The results of this study are consistent with a mechanism in which the collapsing polypeptide chain maximizes burial of hydrophobic residues in the A–G–H helix interface, resulting in a compact state in which the H helix is translocated relative to the G and A helices. This constitutes a kinetic trap, which is likely resolved by localized unfolding that allows the helix to slide to its native position, rather than through a global unfolding process. Such a model is consistent with the increased H helix opening rates, relative to the core regions of the A and G helices, revealed by quenched-flow hydrogen–deuterium exchange.[22]

The translocation of the helix in the equilibrium molten globule and the kinetic Ib intermediate appears to promote disorder in the E and F helices. Movement of the H helix into its native docking site on helix G relieves the energetic frustration in the E–H helix interface and promotes docking of hydrophobic residues at the C-terminal end of helix E and in helix F. However, as discussed above, this in itself is insufficient for proper docking and stabilization of helical structure in helix E.

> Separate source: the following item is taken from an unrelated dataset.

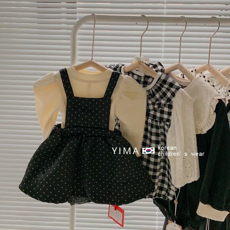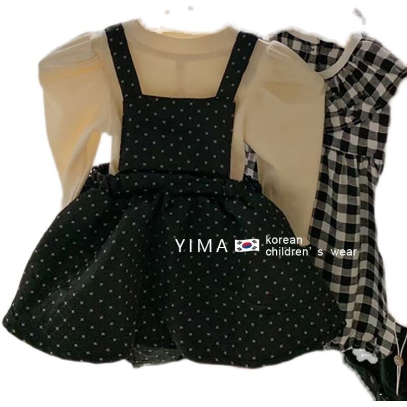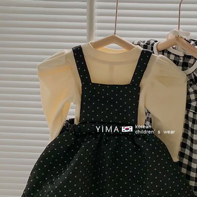 色:ブラックストラップドレス,アプリコットボトムスシャツ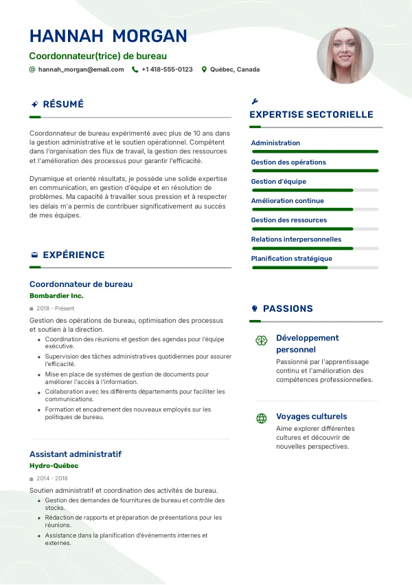 Obtenez un CV Coordonnateur(trice) de bureau professionnel, adapté à vos compétences et au marché de l’emploi du Québec.

The results reported here, in conjunction with a wealth of published data, greatly advance our understanding of apomyoglobin folding pathways and the consequences of energetic frustration. The folding landscape is highly rugged, with several energetic bottlenecks that frustrate the folding process. Relief of any one of the major identified bottlenecks, in the E–G–H and B–E–G helix interfaces, is insufficient to speed progression to the transition state. It is also notable that when frustration is relieved at either of these sites by introduction of a disulfide, as in the work presented here, or by mutagenesis in the B–G helix interface,[20] it does not lead to excessive stabilization of the frustrated E helix. Rather, the resulting stabilization of E helix contacts is incremental, and the polypeptide chain in this region remains dynamically disordered, allowing it to search conformational space efficiently until additional sources of frustration are relieved and E helix folding can be completed. This progressive decrease in chain flexibility, accompanied by the progressive accumulation of secondary structure, likely facilitates folding by preventing excessive stabilization of non-native contacts within the ensemble of compact folding intermediates.